Вот и полдень наконец-то, но после полудня время тянется бесконечно. Небо словно стена, облицованная синей глазурованной плиткой, ни ветерка, ничто не шелохнется, холод космический; разок прогремело где-то в долине Гургелена – лавина сошла; часов в пять из Французова перелеска приходит Мани, одетый по-будничному – ни тебе галстука, ни шляпы, – за ним на некотором расстоянии следует Рес Штирер со своим сыном Штёффу. Мани, оставив палку у дверей своего дома, входит через кухню. В горнице уже сидят Ёггу и Алекс, а жена Мани стоит у окна и смотрит куда-то в сторону Маннеренвальда. Старый Штирер усаживается на скамье перед входом в дом, молодой, Штёффу, идет за угол к черному ходу.
– Прошелся до водопада, – говорит Мани, – водопад замерз, а тут как раз и солнце закатилось за Цолленграт, большущее такое, красное.
– Не иначе дня через два опять снег повалит, – говорит Алекс. Ёггу замечает, мол, надо бы Мани – господину Мани – одеться потеплее, по нынешней-то стуже, а то как бы не простыл.
– С чего это ты меня господином величаешь? – удивляется Мани.
– А с того, что мой отец Ваути Лохер, – отвечает Ёггу.
– Значит, Ваути раскололся, – говорит Мани, обернувшись к жене. Та ничего не отвечает.

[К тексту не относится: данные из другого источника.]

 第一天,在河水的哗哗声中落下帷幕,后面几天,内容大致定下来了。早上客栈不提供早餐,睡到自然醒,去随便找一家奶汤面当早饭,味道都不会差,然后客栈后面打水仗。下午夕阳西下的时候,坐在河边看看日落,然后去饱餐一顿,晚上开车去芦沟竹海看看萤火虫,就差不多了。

Ёггу встает. Громадный, вообще-то добродушный крестьянский парень. Когда она от Лохера понесла, он хотел ее с собой в Канаду забрать, зло говорит Ёггу. Так она, мамаша, корова эдакая, не поехала, а вышла замуж за Мани, у которого двор с гулькин нос. А не вышла бы, так жил бы он, Ёггу, сейчас в Канаде, ворочал бы миллионами, а не торчал тут, не ходил бы в бесплатных батраках у собственного отчима, не мыкался бы без гроша в кармане, он же и жениться не может, потому как денег нет.

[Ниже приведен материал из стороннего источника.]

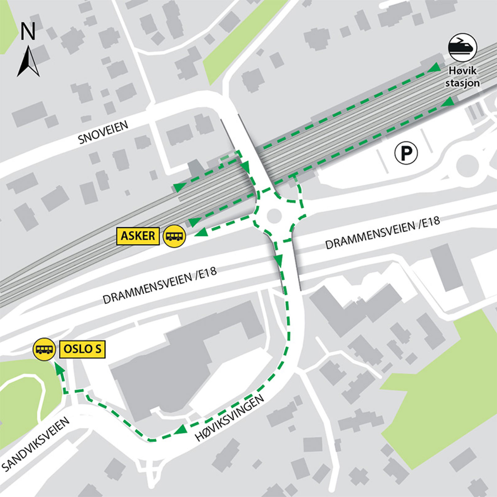 Ved avvik i togtrafikken settes det ikke opp egen alternativ transport. Benytt Ruters kollektivtilbud. Nærmeste Ruterholdeplasser

– Да вы же миллион огребете, – говорит Мани. Живется тут, в деревне, тяжело, конечно, кто спорит, и не дом у них, а развалюха, это верно, но скоро жизнь у них пойдет получше, и работать станет выгодней, когда они обзаведутся современным коровником и трактором. Не только Ёггу и его матушка заживут лучше – и Алекс, и вся деревня.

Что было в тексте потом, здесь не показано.